A federal court panel will hear today arguments over whether a man convicted of killing three people at a Columbia Casey’s in 1994 can be executed by lethal injection.

Ernest Lee Johnson (photo courtesy; Missouri Department of Corrections)

Ernest Lee Johnson (photo courtesy; Missouri Department of Corrections)

The attorneys for Ernest Lee Johnson say because of a 2008 operation that removed part of a brain tumor, he could suffer seizures if subjected to a lethal injection of pentobarbital. A court in November ruled that his case should be considered, and blocked his execution hours before it was to happen.

Attorney Jeremy Weis represents Johnson.

“There is a substantial likelihood the drugs as they would be introduced to Mr. Johnson would cause him severe pain beyond what the 8th Amendment would allow,” said Weis.

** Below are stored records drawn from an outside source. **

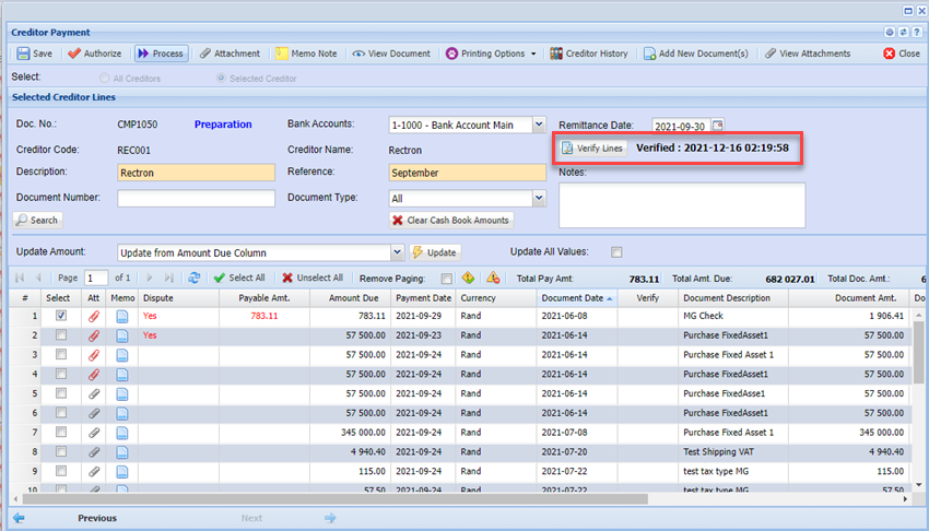 Supplier Payments batch includes a verify data to ensure that all lines are valid and checks for any changes
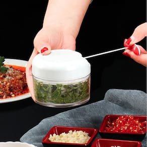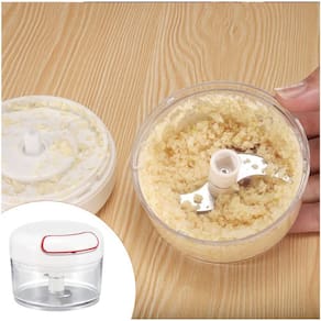 Ideal para triturar e processar pequenas quantidades de alimentos de forma simples, rápida e eficiente. Não perca mais tempo cortando verduras, legumes e frutas em pequenos pedaços. Com o mini triturador, basta inserir o alimento no recipiente de acrílico, fecha-lo, puxar a corda retrátil até estar processado da maneira que desejar. Quanto mais vezes puxar a corda, mais processado será o alimento. Indicado para alimentos pequenos ou cortados em pedaços menores. Graças ao tamanho compacto, a lâmina tem melhor alcance, facilitando triturar e processar poucas quantidades, ao contrários dos trituradores maiores que muitas vezes não trituram alimentos pequenos. Totalmente desmontável para fácil limpeza e higienização. Super prático para usar e guardar Informações sobre o produto: Corpo em Acrílico Lâmina em Aço Inox Acionamento giratório através do puxamento da corda Formato anatômico e prático Não deixa pedaços grandes após o processamento Dimensões aproximadas: Altura 7 cm Diâmetro 9 cm Itens inclusos 01 Triturador. Ean: 7908346249981
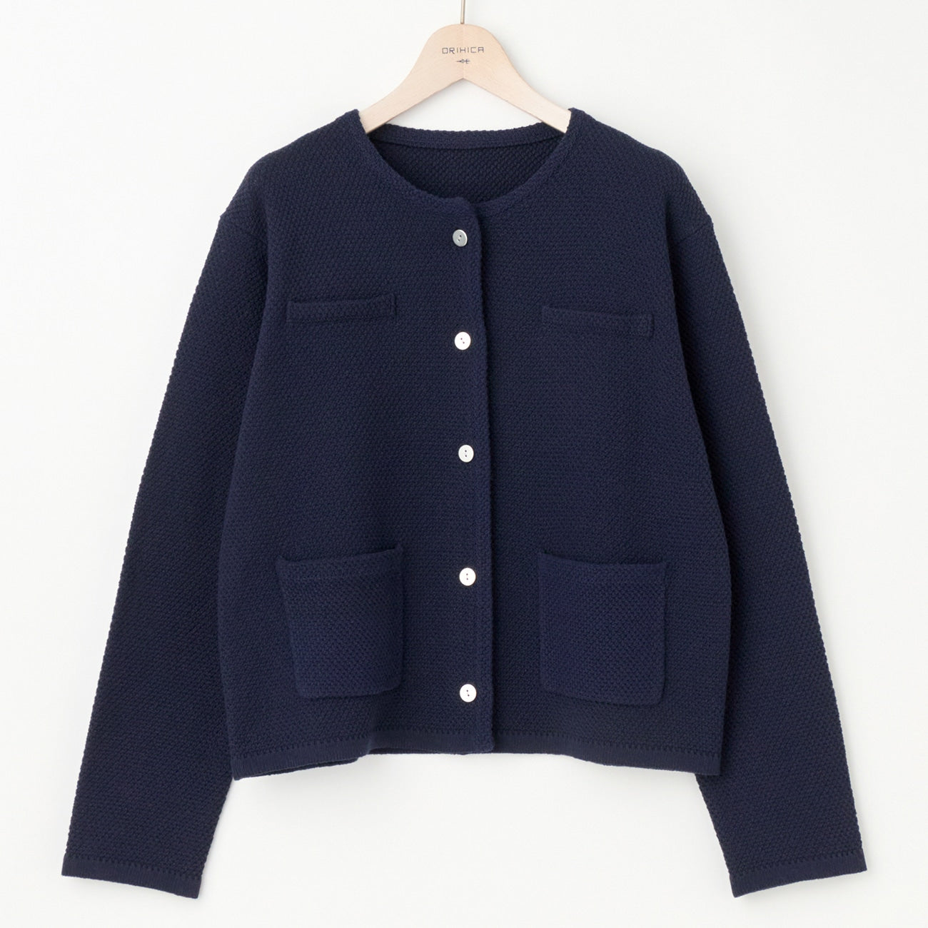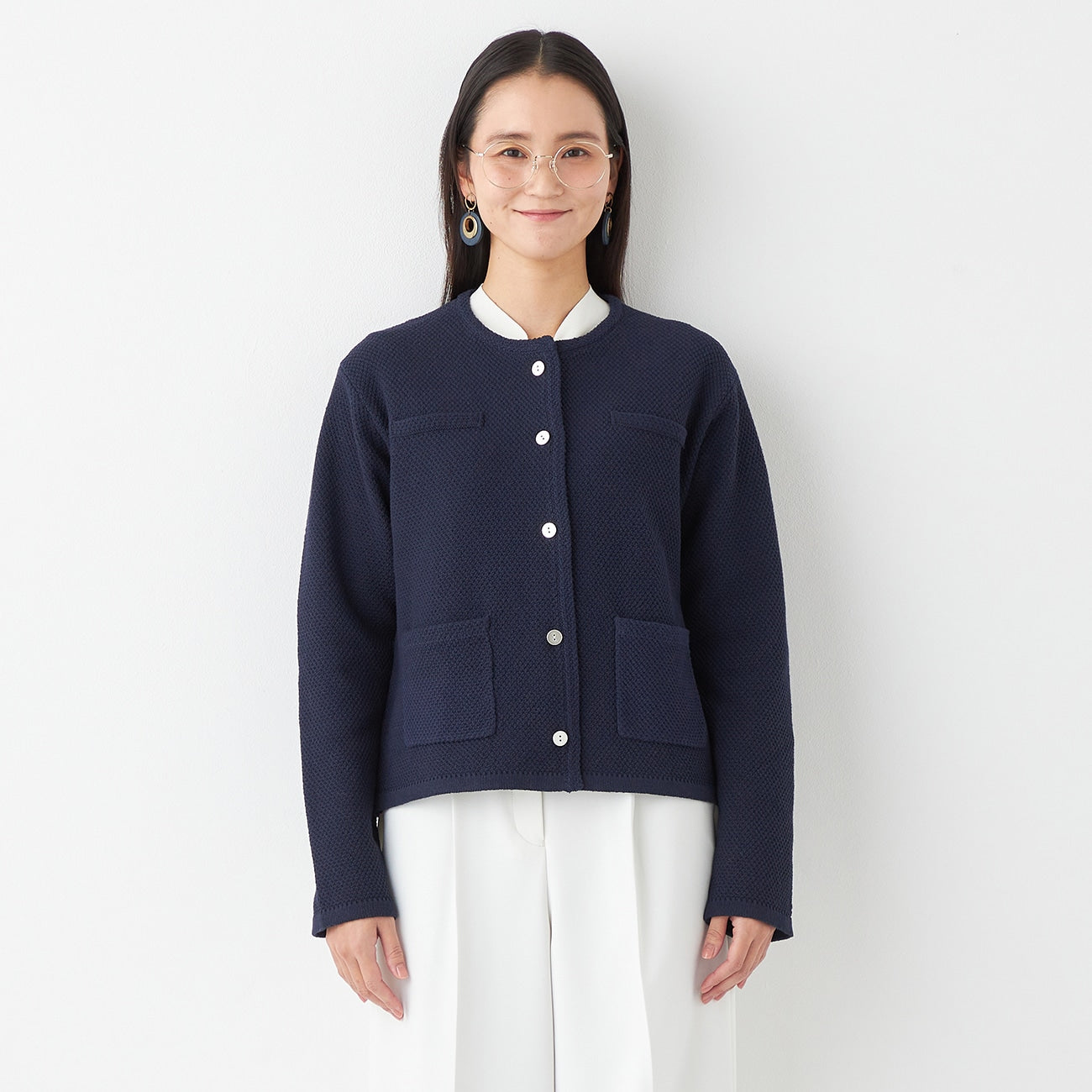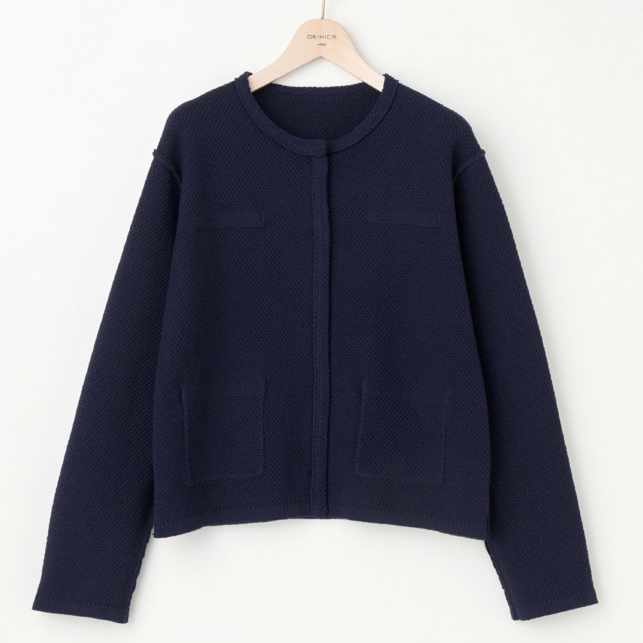A versatile tweed-style knit jacket suitable for both professional and casual wear.
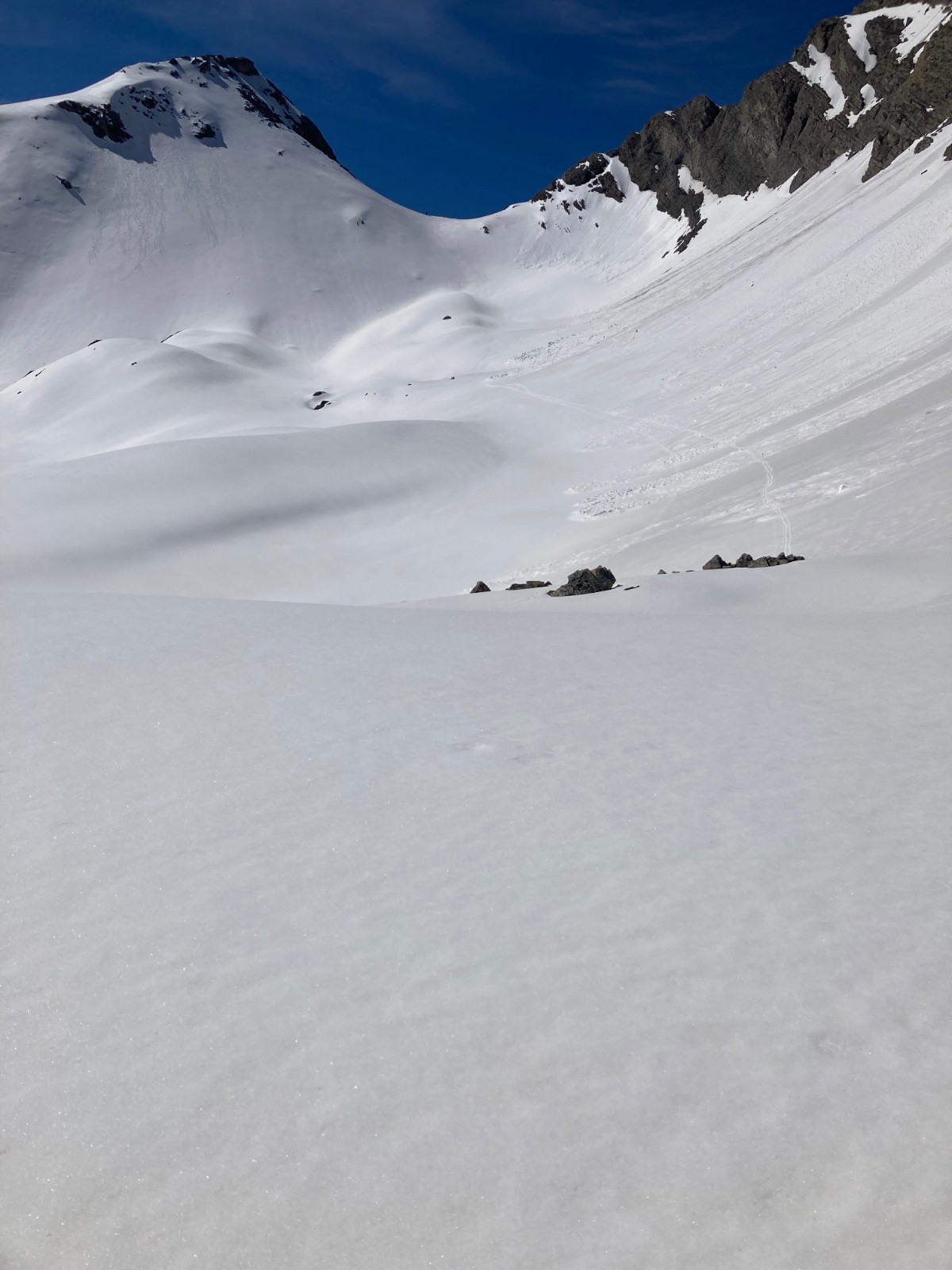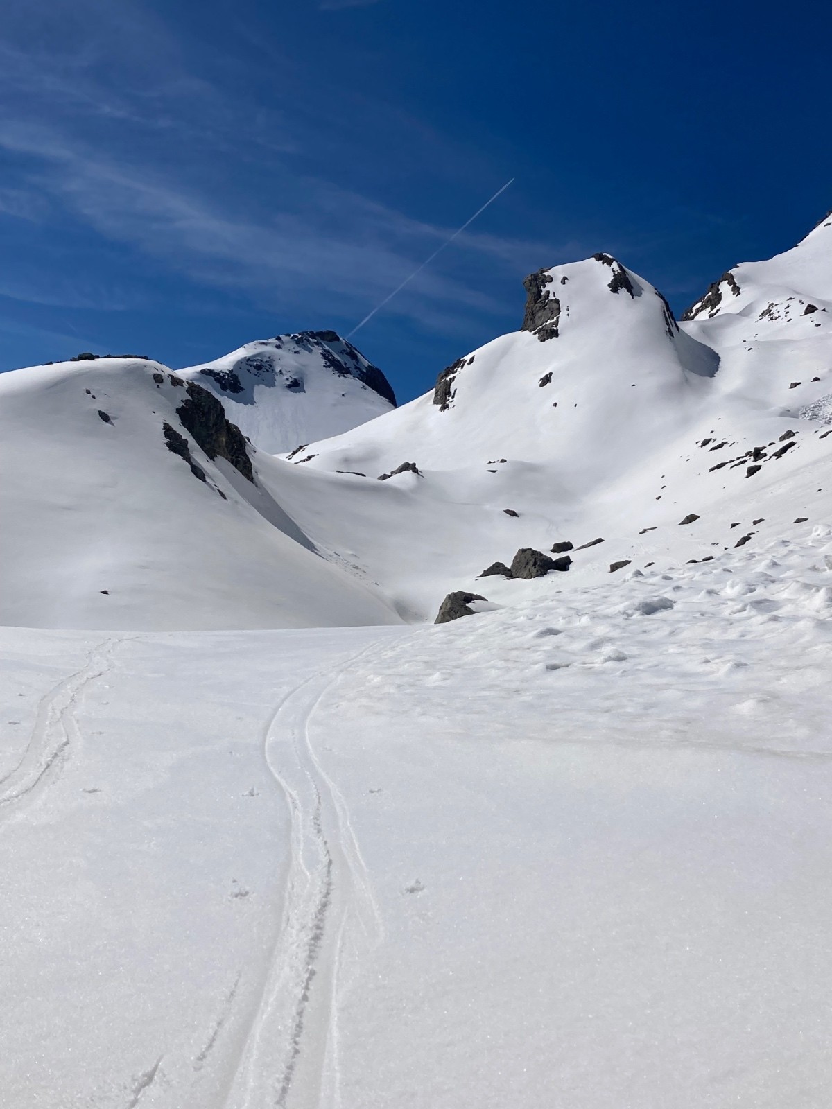 Après une pause nous descendons vers 11h45, moquette sous le sommet puis belle transfo dans cette magnifique pente sommitale. Nous descendrons un peu dans le vallon du lausanier jusque vers 2500, toujours bien enneigé, même sous le pas de la cavale. Remontée au pas de la petite cavale, descente excellente de sa face sud puis remontée à pelousette, un peu difficile à cause de la neige tombée jeudi soir qui ramollie n’adhère pas à la sous couche.( merci à la trace du skieur monté plus tôt).

The state counters that Johnson’s claim was raised after the statute of limitations on that constitutional argument. It also says there is no evidence Missouri’s execution protocol causes pain, and bases that argument in part on the statements of witnesses of the 18 executions that have been carried out under that protocol since November, 2013.

The court could rule at any time, and whatever ruling it issues is likely to be appealed.

Johnson was sentenced to death for murdering Mary Bratcher, Mable Scruggs, and Fred Jones at a Columbia Casey’s in 1994.